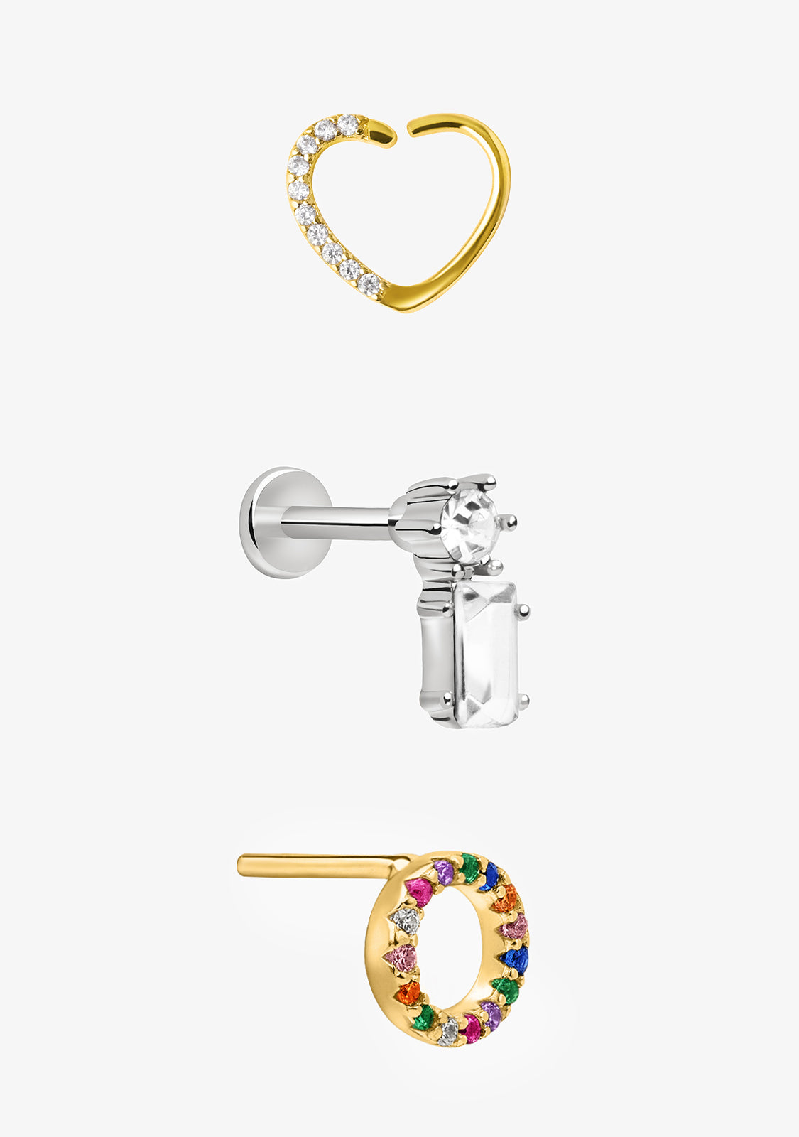 Soft reúne tres piercings en tonos dorados y plateados -Rainbow Gold, Heart Gold y Bloq Silver- diseñados para crear combinaciones suaves y versátiles para cualquier look. Rainbow Gold está elaborado en plata de ley 925 bañada en oro de 18 quilates con circonitas situadas a mano, lo que lo convierte en una pieza más delicada y única. Heart Gold y Bloq Silver, de acero hipoalergénico con circonitas, pueden llevarse en múltiples ubicaciones como hélix, tragus o concha, añadiendo un toque equilibrado de brillo y minimalismo. Todas las piezas son resistentes al agua e incluyen una garantía de 3 años.
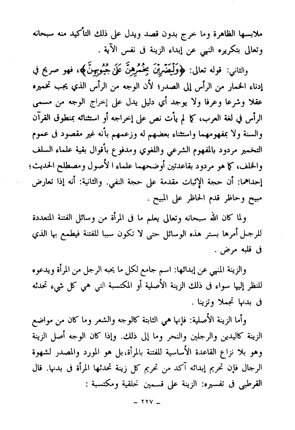 وأما الزينة الأصلية: فإنها هي الثابتة كالوجه والشعر وما كان من مواضع الزينة كاليدين والرجلين والنحر وما إلى ذلك. وإذا كان الوجه أصل الزينة وهو بلا نزاع القاعدة الأساسية للفتنة بالمرأة، بل هو المورد والمصدر لشهوة الرجال فإن تحريم إبدائه آكد من تحريم كل زينة تحدثها المرأة في بدنها. قال القرطبي في تفسيره: الزينة على قسمين خلقية ومكتسبة:
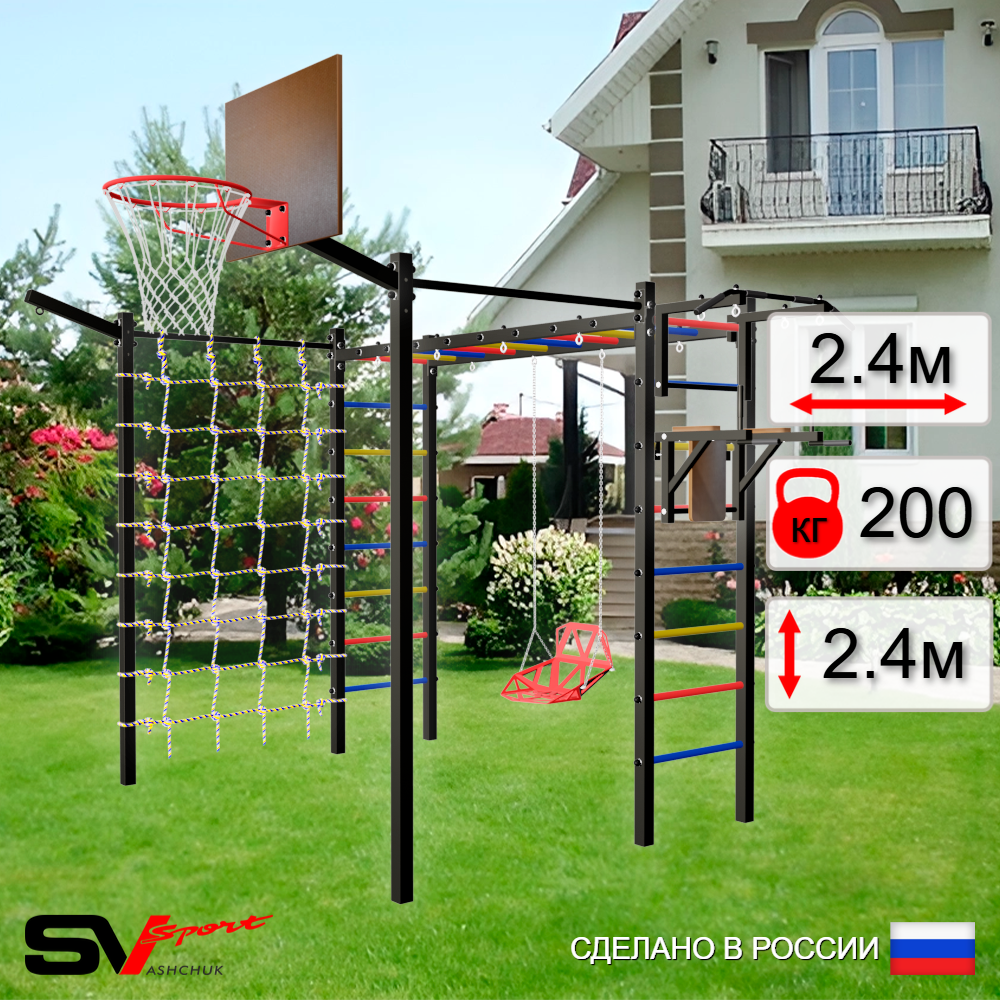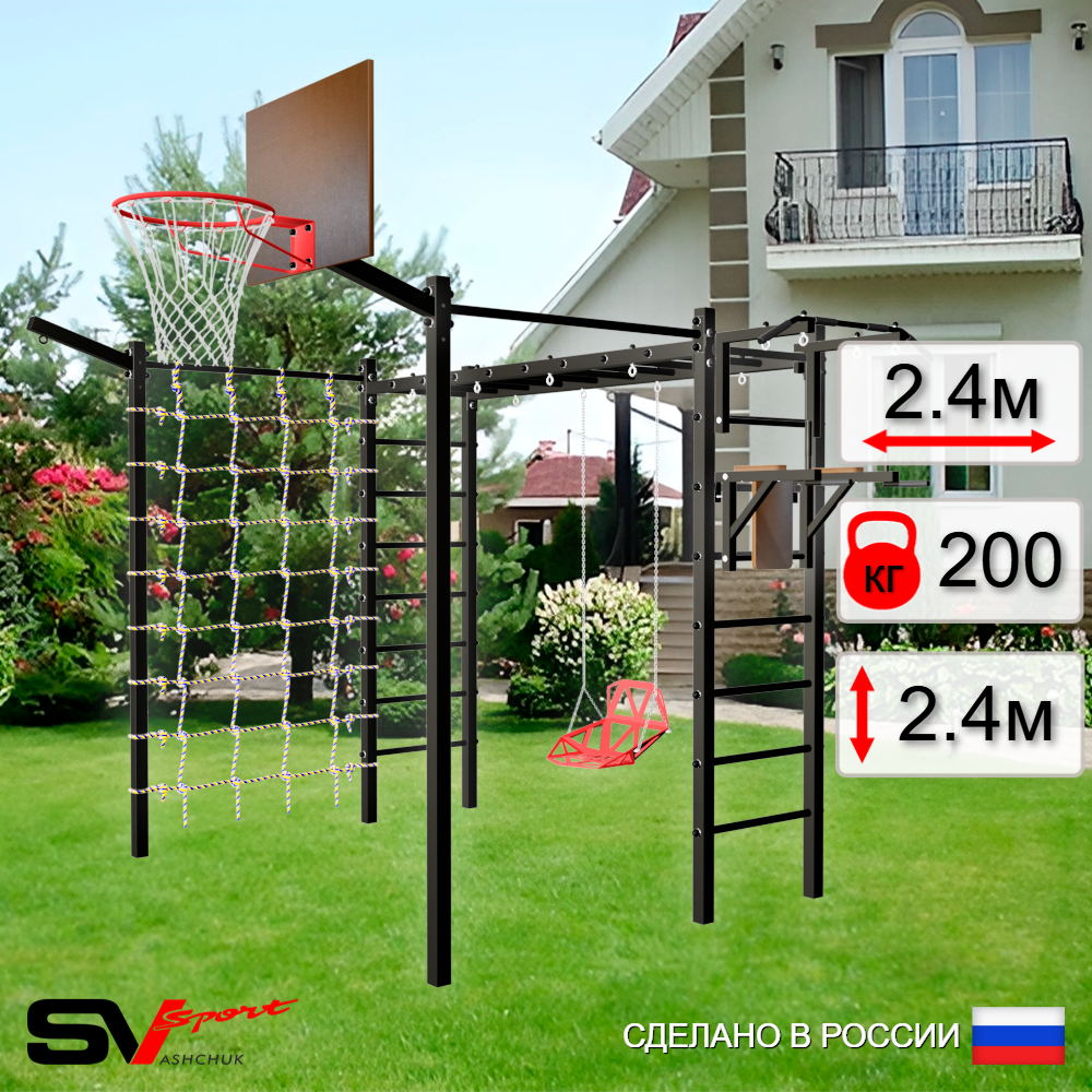 КОМПЛЕКТАЦИЯ: Каркас УШС Sv Sport Рукоход х 2, Турник Sv Sport стандарт к УШС, Брусья Sv Sport к УШС, Стойка под штангу Sv Sport к УШС, Скамья для пресса и жима Sv Sport к УШС, Качели - гнездо 100см.
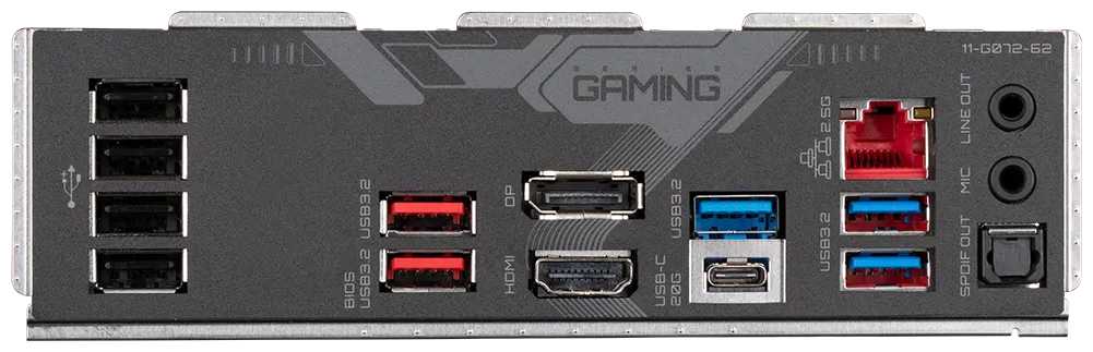 Разъемы на задней панели : | 2 x USB 3.2 Gen2 Type-A, 3 x USB 3.2 Gen1 Type-A, 4 x USB 2.0 Type-A, DisplayPort, HDMI, LAN RJ-45, USB 3.2 Gen2x2 Type-C, выход S/PDIF оптический |
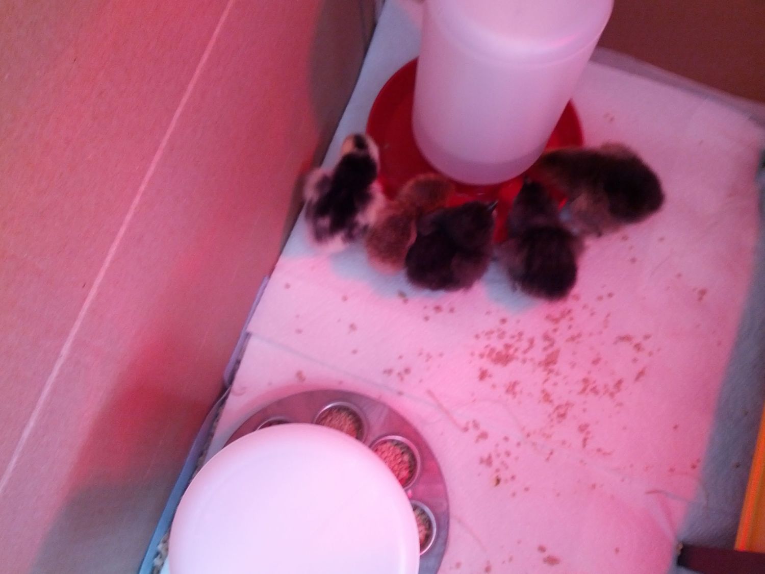 They're all peeping and wandering around. They've gulped down a lot of water and are trying out the starter feed!
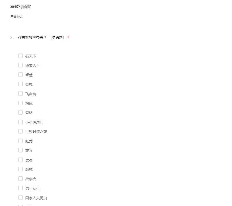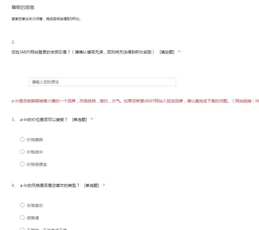 关于新品牌以及JAMY网上架其他类目相关问卷
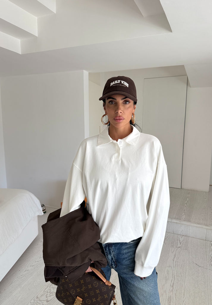 Maglia polo over size in cotone caldo. Tg unica

-- Instructions for the task --
Exactly the lines from the one with "وأما الزينة الأصلية: فإنها" to the last line of the listing are wanted, both ends included and pictures excluded.

-- Result for this exercise --
 وأما الزينة الأصلية: فإنها هي الثابتة كالوجه والشعر وما كان من مواضع الزينة كاليدين والرجلين والنحر وما إلى ذلك. وإذا كان الوجه أصل الزينة وهو بلا نزاع القاعدة الأساسية للفتنة بالمرأة، بل هو المورد والمصدر لشهوة الرجال فإن تحريم إبدائه آكد من تحريم كل زينة تحدثها المرأة في بدنها. قال القرطبي في تفسيره: الزينة على قسمين خلقية ومكتسبة:
 КОМПЛЕКТАЦИЯ: Каркас УШС Sv Sport Рукоход х 2, Турник Sv Sport стандарт к УШС, Брусья Sv Sport к УШС, Стойка под штангу Sv Sport к УШС, Скамья для пресса и жима Sv Sport к УШС, Качели - гнездо 100см.
 Разъемы на задней панели : | 2 x USB 3.2 Gen2 Type-A, 3 x USB 3.2 Gen1 Type-A, 4 x USB 2.0 Type-A, DisplayPort, HDMI, LAN RJ-45, USB 3.2 Gen2x2 Type-C, выход S/PDIF оптический |
 They're all peeping and wandering around. They've gulped down a lot of water and are trying out the starter feed!
 关于新品牌以及JAMY网上架其他类目相关问卷
 Maglia polo over size in cotone caldo. Tg unica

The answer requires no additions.